S'il est impossible de connaître l'impact exact du décret ni même le nombre d'établissements qui le mette vraiment en application, la pénurie d'intérimaires semble devenir une réalité dans les territoires les plus fragilisés. À Lens (Pas-de-Calais), le centre hospitalier a été contraint de fermer au 1er juillet une ligne de SMUR, faute d'urgentistes. « Nous avons toujours fait appel à des intérimaires mais cet été, nous ne parvenons pas à recruter car d’autres services d’urgences du territoire, comme Tourcoing et Saint-Omer, sont eux aussi en manque de médecins », explique la direction. Dans ce contexte, les intérimaires sont accusés de profiter de la pénurie médicale pour faire monter les prix sous le manteau. « Certains intérimaires refusent de venir exercer si les directions ne dépassent pas les plafonds autorités par le décret », affirme Marie Houssel, en charge des ressources humaines à la Fédération hospitalière de France (FHF). Les établissements sont soumis à des injonctions contradictoires. Ils n'ont pas la volonté de déroger au texte, mais ils doivent arbitrer entre continuité des soins et respect des plafonds tarifaires. Dans l'absolu, c'est toujours la santé des patients qui prime. »

La fédération des sociétés d'intérim Prism'emploi, de son côté, se défend d'encourager toute forme de dumping. « Ramené au salaire horaire, il n’existe pas d’écart significatif entre la rémunération d’un médecin hospitalier et celle d'un intérimaire », certifie Isabelle Eynaud-Chevalier, déléguée générale de Prism'emploi. Selon le député isérois Olivier Véran, le coût de l'intérim médical à l'hôpital s'élève à 500 millions d'euros par an. Les estimations de la direction générale de l'offre de soins (DGOS, ministère) pour l'année 2017 sont plus basses : 132 millions d'euros…  Si l'on exclut les recrutements de gré à gré. 

Marchés régionaux

Pour tuer définitivement les pratiques financières déviantes des médecins remplaçants, jugés « responsables en partie du déficit des petits hôpitaux périphériques » par la ministre, le gouvernement cherche toujours la panacée. Agnès Buzyn compte sur la facilitation du recours encadré aux praticiens contractuels, mesure prévue dans sa loi de santé en passe d'être votée au Parlement. « Nous proposons que l’ordonnance remplace le recours permanent aux intérimaires par des personnes ayant signé un contrat avec l’hôpital et qui assureront une présence pérenne », a-t-elle argumenté devant l'Assemblée.

À plus long terme, la DGOS voit dans la suppression du numerus clausus et la régulation de la situation des praticiens à diplôme hors union européenne (PADHUE) comme autant de renforts pour damer le pion des intérimaires.

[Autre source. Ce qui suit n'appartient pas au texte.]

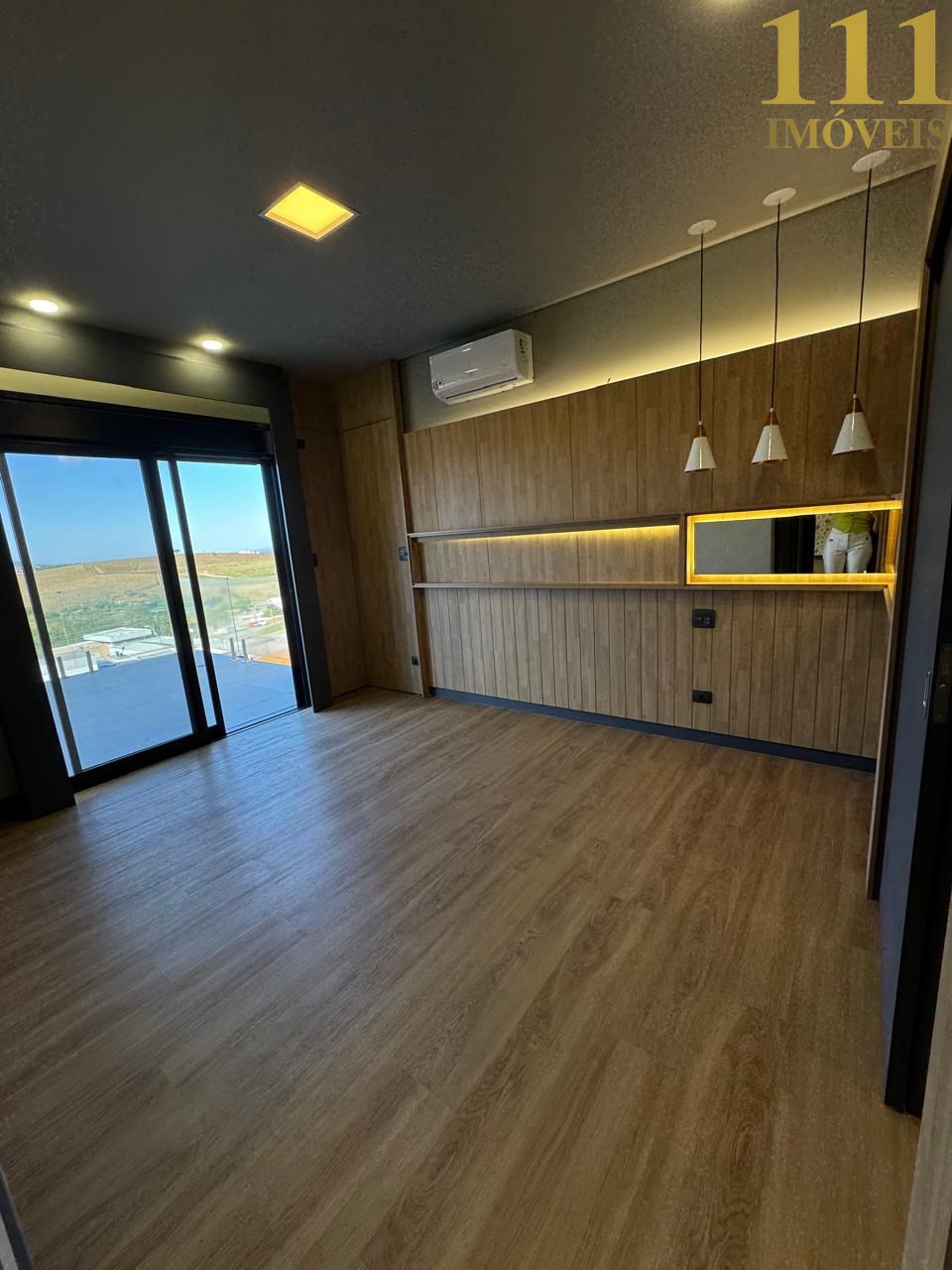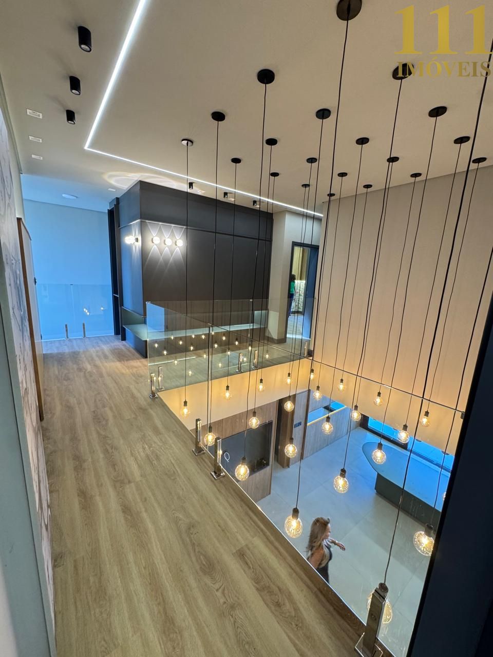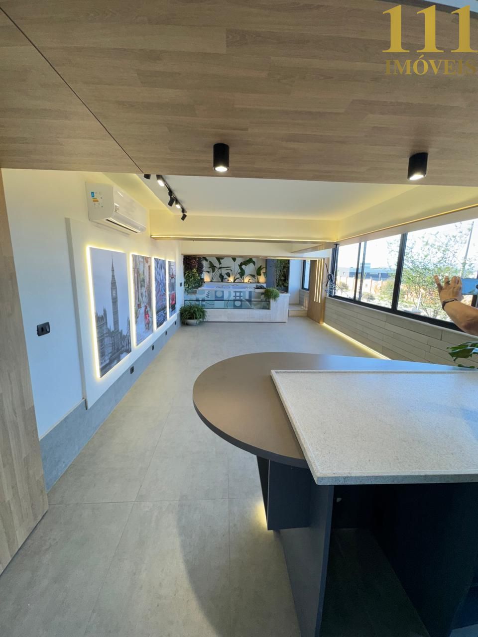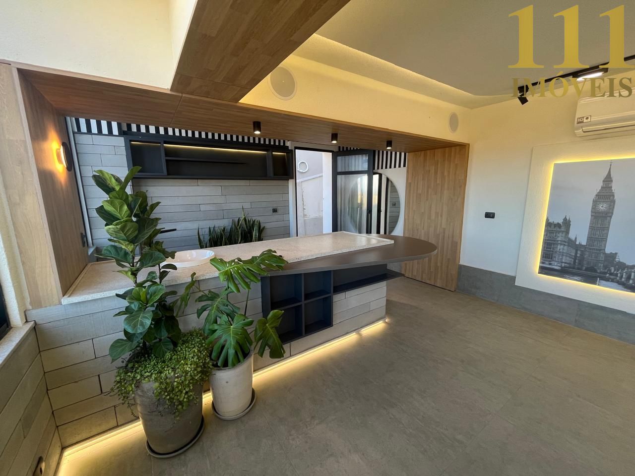 A iluminação ambiente valoriza os detalhes da decoração contemporânea, repleta de personalidade, criando uma atmosfera elegante e acolhedora.
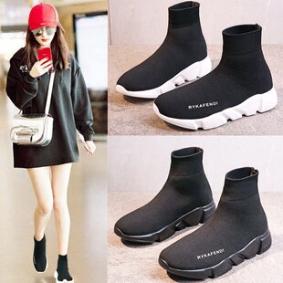 女2024年新款 潮鞋 春季 运动休闲鞋 短靴 透气弹力高帮网红女鞋 袜子鞋

Sur le terrain, la FHF n'a pas attendu la loi pour agir. Celle-ci expérimente le déploiement de « marchés régionaux de l'intérim ». En Bretagne, il s'agit d'un accord-cadre signé entre les huit GHT du territoire pour fixer le prix de l'intérim sur la base du décret de 2018 en plus d'orientations en termes de prise en charge de frais de déplacement, d'hébergement mais également de pénalités en cas de carence. Les Pays de la Loire envisagent de recourir à un dispositif similaire. « Au lieu de faire huit marchés différents qui mettent en concurrence les territoires, on en fait un seul », indique Nathalie Conan-Mathieu, déléguée régionale permanente de la FHF en Bretagne. « Ce n'est qu'en groupe qu'on pourra peser face aux intérimaires », conclut-elle.